The most striking conclusion from these studies is the lack of clear evidence of any advantage of electrochemical reduction versus a simpler treatment with chelators such as sodium citrate or EDTA.
While treatment with a citrate-bicarbonate-dithionite solution does indeed lower adsorption several-fold further, solutions of either sodium bicarbonate or EDTA are at least as effective, and sodium citrate is almost as effective. These non-reductive treatments remove small amounts (~0.1% – ~0.2% of rock mass) of Fe and Al, and fines are invariably apparent in treatment fluids, both of which suggest removal of small amounts of trivalent Fe/Al colloids.
While these results suggest that non-reductive means may be used to remove artifacts introduced by core oxidation, they come with an important caveat: even rinsing with a brine solution can result in significant alteration of mineralogy.

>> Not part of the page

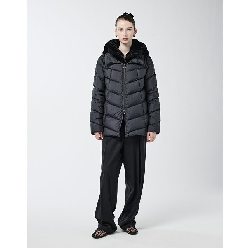 定番のセミロングダウンに、人気のエコファーとマット素材を組み合わせたコンビネーションモデルが登場。

The use of chelating agents will invariably result in dissolution of any soluble minerals present such as gypsum or anhydrite, which can be an important contributor to surfactant (in particular ABS) consumption.
In cases where iron removal is necessary due to polymer degradation issues, PIPES buffer is proposed for use as an alternative to bicarbonate, the latter having a greater tendency for ligand formation. The combination of borohydride and bisulfite is suggested as an alternative to dithionite as a reducing agent, resulting in more complete iron removal under some conditions, and anecdotally less tendency for polymer degradation upon subsequent oxidation, though both of these claims should be verified.